::: The data :::
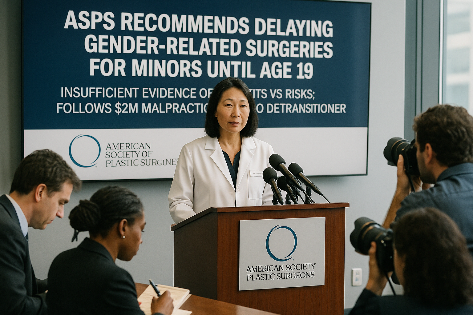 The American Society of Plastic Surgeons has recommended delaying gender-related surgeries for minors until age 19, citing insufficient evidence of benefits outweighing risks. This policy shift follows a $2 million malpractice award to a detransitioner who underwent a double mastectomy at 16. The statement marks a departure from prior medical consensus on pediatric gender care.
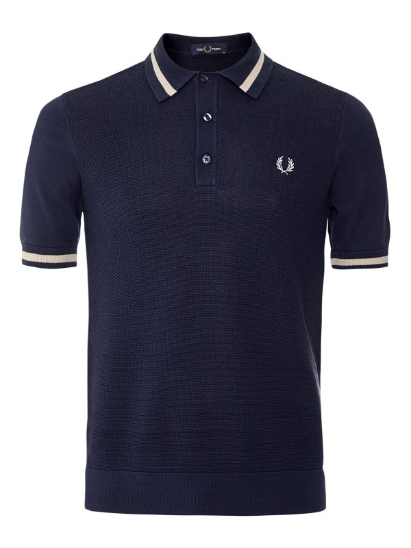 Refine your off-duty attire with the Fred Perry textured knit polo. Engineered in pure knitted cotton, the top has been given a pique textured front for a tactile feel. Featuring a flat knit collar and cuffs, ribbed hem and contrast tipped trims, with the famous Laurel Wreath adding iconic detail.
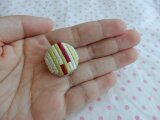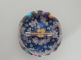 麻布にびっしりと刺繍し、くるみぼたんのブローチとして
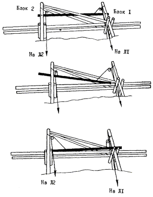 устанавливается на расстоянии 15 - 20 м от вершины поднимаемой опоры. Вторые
:::
Everything from the line with "Refine your off-duty" through the last line above must be repeated exactly, except the pictures.

 Refine your off-duty attire with the Fred Perry textured knit polo. Engineered in pure knitted cotton, the top has been given a pique textured front for a tactile feel. Featuring a flat knit collar and cuffs, ribbed hem and contrast tipped trims, with the famous Laurel Wreath adding iconic detail.
 麻布にびっしりと刺繍し、くるみぼたんのブローチとして
 устанавливается на расстоянии 15 - 20 м от вершины поднимаемой опоры. Вторые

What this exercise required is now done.